| Is AE's encoder really that inefficient? |
The thing is, AVI doesn't mean much.
It's pretty much an empty container box, which doesn't imply a quality level.
So, AME could default to something completely different as a starting point to produce an AVI file.
AE defaults to uncompressed video when you pick AVI as a format. So, obviously this produces huge file sizes. There could be similar quality thresholds with smaller sizes if you pick other AVIcodecs, but that's a different subject. And in any case, when you're rendering a production quality master, file size is usually not your main concern. You typically use this high quality video file as a source for compressed flavors for distribution. So, pristine video files with huge sizes are a good thing - people then wonder why trailers at apple.com, for instance look so good.
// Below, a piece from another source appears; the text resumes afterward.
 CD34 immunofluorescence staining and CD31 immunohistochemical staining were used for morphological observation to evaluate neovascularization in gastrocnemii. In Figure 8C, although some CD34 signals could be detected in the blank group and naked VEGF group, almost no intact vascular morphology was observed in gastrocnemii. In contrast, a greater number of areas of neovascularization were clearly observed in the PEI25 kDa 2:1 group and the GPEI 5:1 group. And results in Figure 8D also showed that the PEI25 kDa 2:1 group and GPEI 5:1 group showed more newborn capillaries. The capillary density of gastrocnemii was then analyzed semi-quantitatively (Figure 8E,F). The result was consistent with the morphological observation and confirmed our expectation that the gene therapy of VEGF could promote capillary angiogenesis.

And the thing is, the most compressed formats benefit enormously from having an uncompressed file as a source.
Regarding encoding efficiency, yes, AE is less efficient than dedicated encoding solutions. Above all, because it doesn't support 2 pass encoding. Note that for some formats, 2 pass makes a night and day difference, while for others, nothing as drastic as most users seem to believe.
All of this is a moot point for AVI, because the default AVI codecs don't offer these encoding options, which are more the realm of distribution formats like FLV, MPEG-4/H264 or WMV.
There are distribution codecs which use AVI as a container out there, but those are a different case.